The school's current address is 2100 Parke Avenue.

==History==
The previous school was built in the 1950s, residing at the locally known address of #1 Bobcat Boulevard, and the building still exists as a satellite campus for the College of Southern Idaho. The school's current facility has been in use since Spring semester 1999. Until the 2006-07 school year, BHS was exclusively a three-year senior high school, with the freshman class attending Burley Junior High School.

In 2018, Burley's assistant principal, Andrew Wray, was named Assistant Principal of the Year by the Idaho Association of School Administrators.

BHS's graduating class of 2023 had 240 graduates, hosting one of its largest graduations ever. Two-thirds of the graduating class intends to pursue higher education: 56% at a university or state college, and 10% through a trade school.

==Athletics==
Burley competes in athletics in IHSAA Class 4A the second-highest classification, and is a member of the Great Basin (West) Conference with Minico (near Rupert), Jerome, and Wood River (Hailey), Twin Falls and Canyon Ridge (Twin Falls).

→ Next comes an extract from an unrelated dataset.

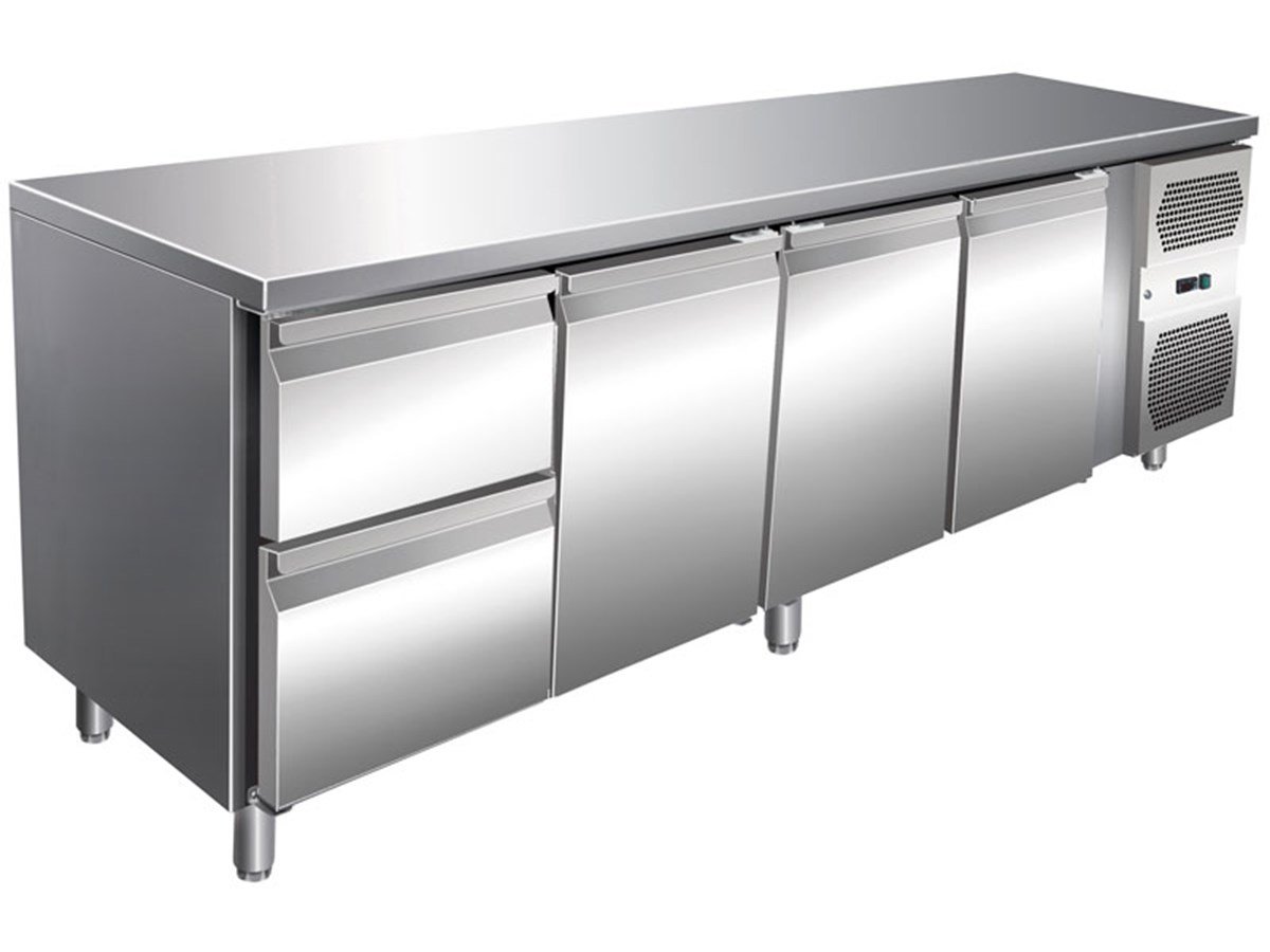 Edelstahl Kühltisch mit 3 Türen 2 Schubladen GN 1/1 - ohne Aufkantung - für Gastronomie
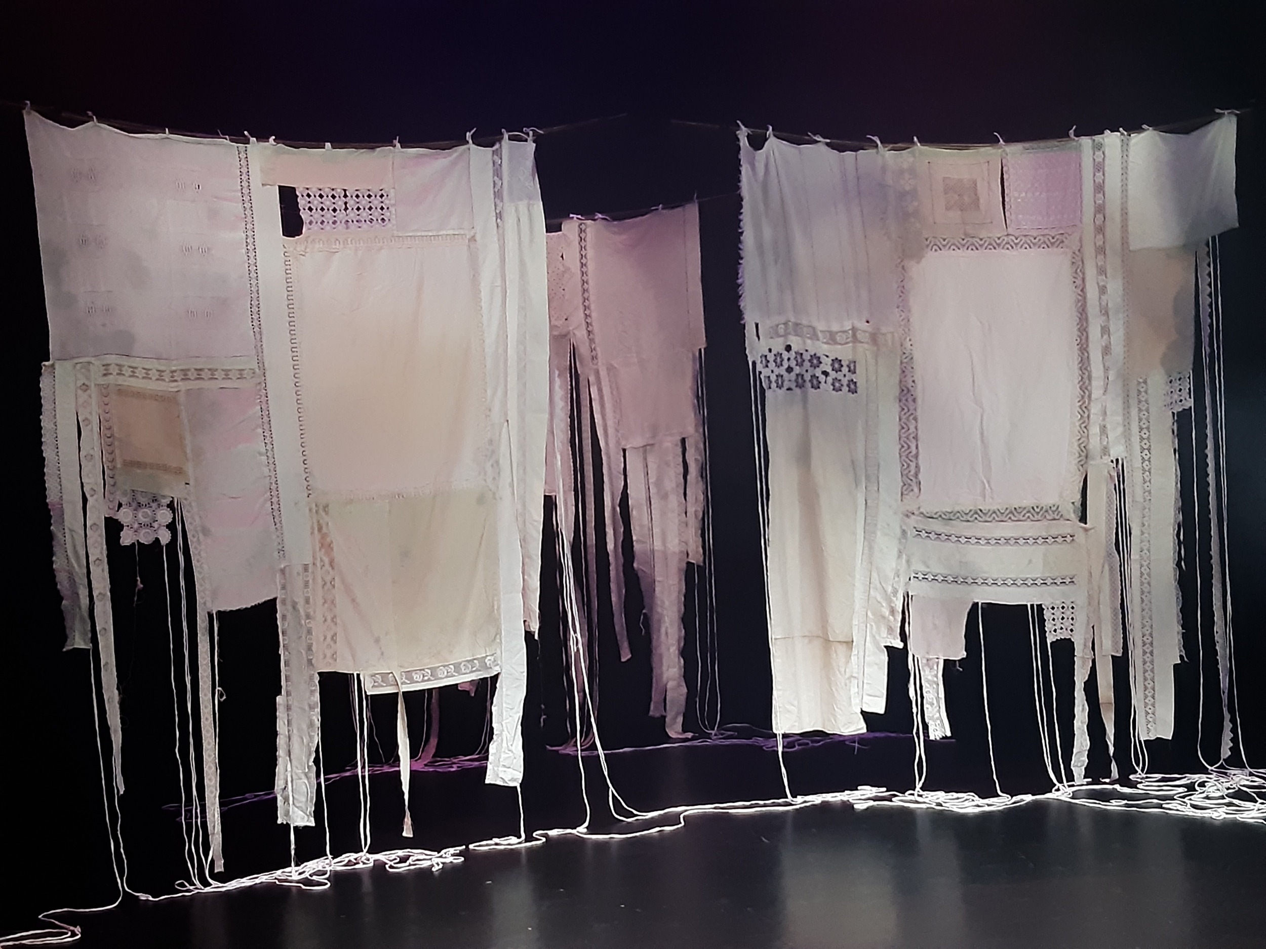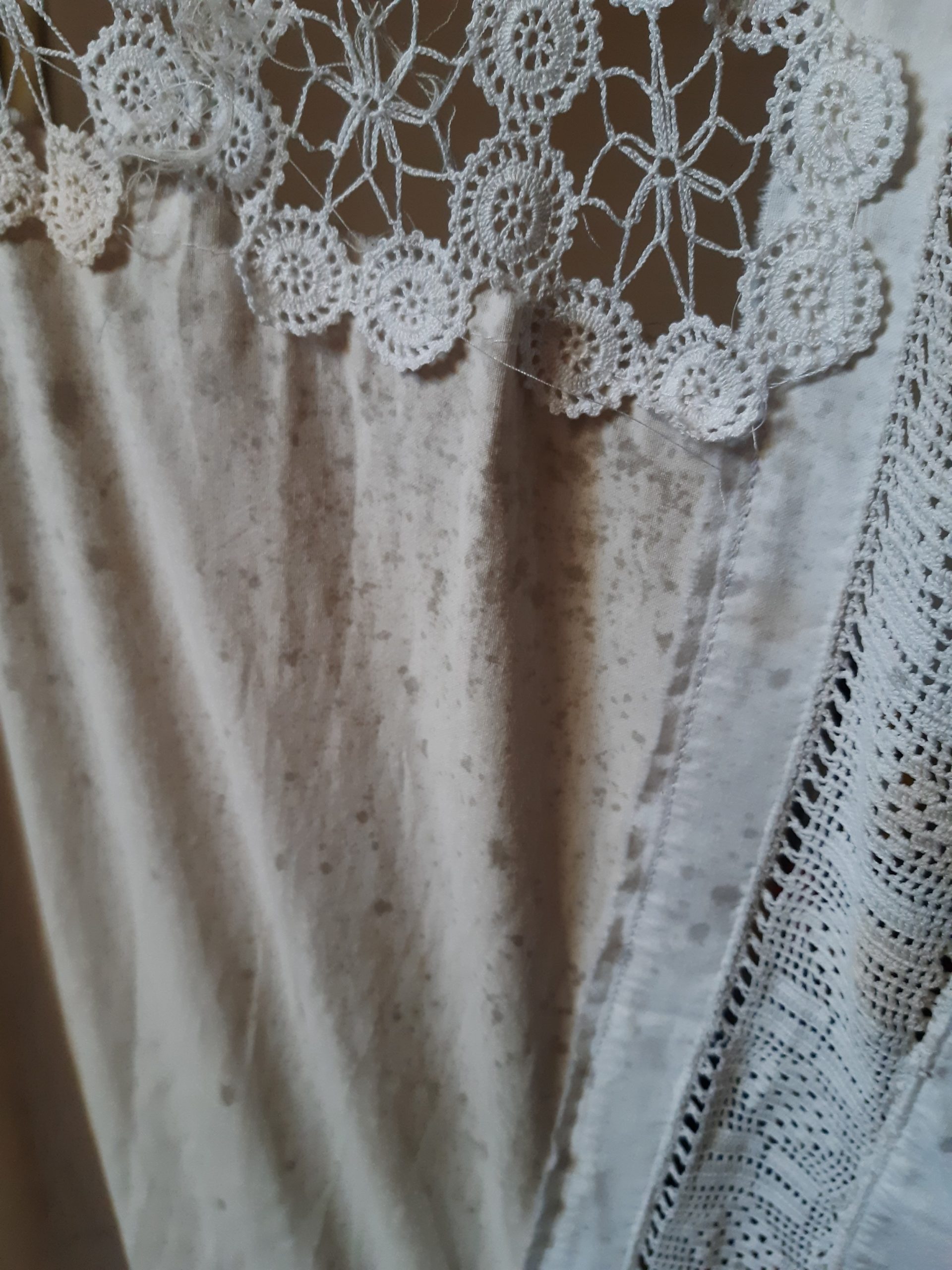 The set was made of strips of worn out hand embroidered linen sheets and cut-off lace from old pillowcases.

In the 2022–23 school year, Burley's football team ended a 13-year postseason drought and recorded their second winning season in 18 years. Gatlin Bair, a 4-star wide receiver and Idaho’s top-rated college prospect for the 2024 recruiting class, was a senior at Burley High. Bair also holds the Idaho high school state records for the 100- and 200-meter dashes, and won the 2023 Idaho Gatorade Boys Track & Field Player of the Year award.

===State titles===
Boys
- Basketball (6): 1935, 1941, (A-1, now 5A) 1991, (A-2, now 4A) 1992; (4A) 2007, 2008
- Track (2): 1921, 1922 (one class)

Girls
- Basketball (3): (4A) 2007, 2018, 2022.